= Peter Anker (art historian) =

Norwegian museum director and art historian

Peter Martin Anker (22 August 1927 – 22 December 2012) was a Norwegian museum director, art historian and critic.

==Personal life==
He was born in Bergen as a son of chief physician Herman Anker (1901–1970) and Charlotte Amalie Meyer (1897–1985). He was married to Liv Løberg (1932–1986), but the marriage was dissolved. From October 1973 he was married to Inger Kiær, a daughter of Herman L. Løvenskiold, but that marriage was dissolved too. In April 1987 he married his third wife, Inger-Johanne Brautaset.

==Career==
He finished his secondary education at Bergen Cathedral School in 1946. He enrolled at the Norwegian National Academy of Craft and Art Industry, and then in art history at the University of Oslo in 1948. He took the mag.art. degree (PhD equivalent) 1954 with a thesis about the frescos in Sant'Angelo in Formis. He worked for Landslaget Kunst i Skolen from 1954 to 1957, as a curator for the Norwegian Museum of Cultural History from 1958 to 1965 and director of Vestlandske Kunstindustrimuseum from 1965 to 1994. He was a lecturer at the University of Bergen from 1971.

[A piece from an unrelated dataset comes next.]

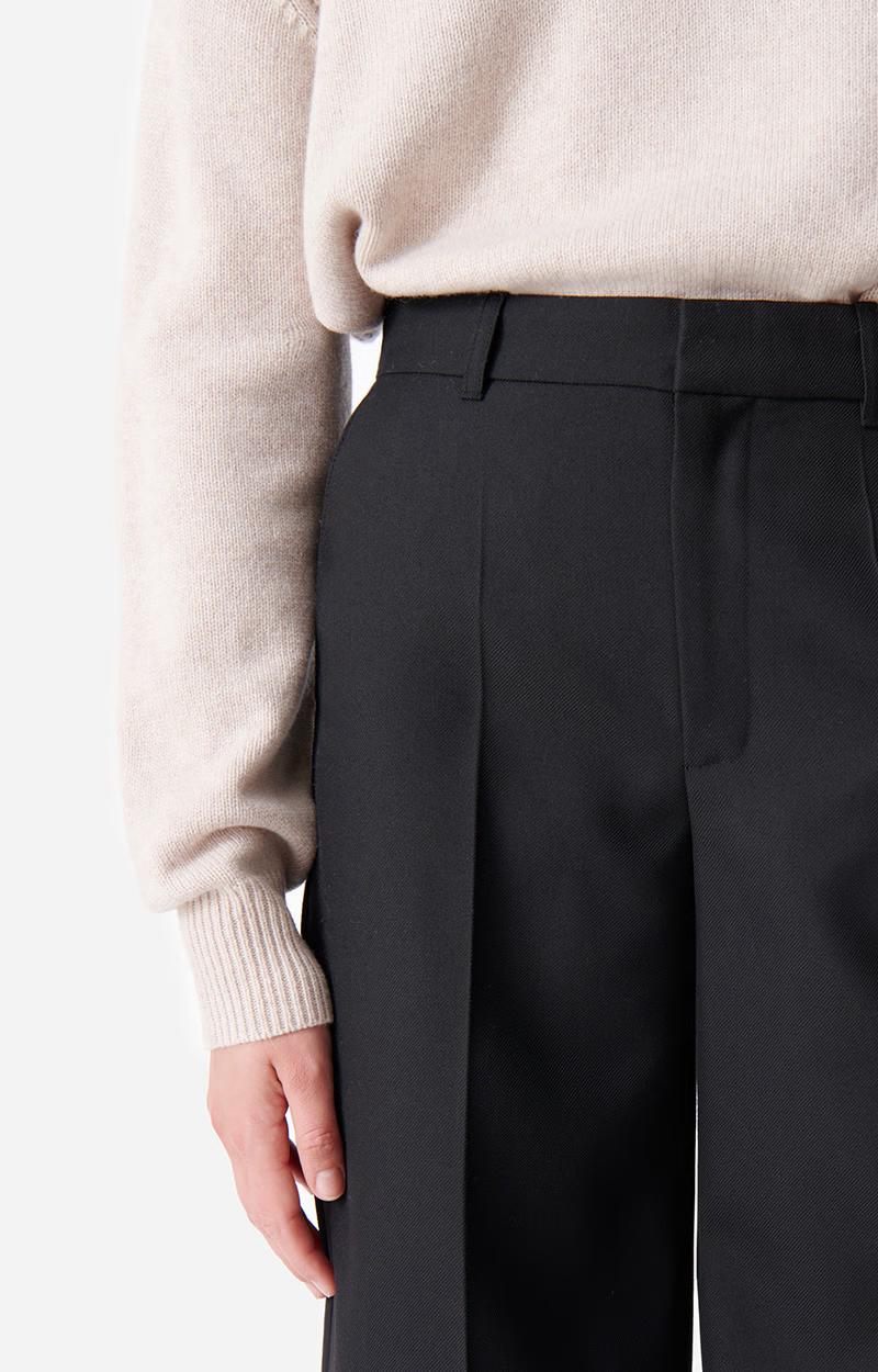 El pantalón Dulce, de corte recto y cintura alta, combina el aspecto sofisticado y trabajado de un pantalón de sastre con la comodidad de un pantalón de pierna ancha, ideal tanto para el trabajo como para el fin de semana. De color negro, estos pantalones retoman los códigos de la sastrería con una silueta recta y elegante gracias a sus bonitos pliegues en la parte delantera.

Books include L'Art Scandinave (volume 1, 1969), Norsk middelalderkunst (1970, with István Rácz), Norsk folkekunst (1975, with István Rácz) and Folkekunst i Norge (1975). He participated in the editorial committee for the seven-volume work Norges kunsthistorie, released in 1983. He was also an art critic. He published his first criticism before finishing secondary school, and via the Academy of Craft and Art Industry newspaper Acantus he wrote in national outlets such as Kunsten i dag and Dagbladet. From 1961 to 1965 he worked part-time as an art critic in Arbeiderbladet.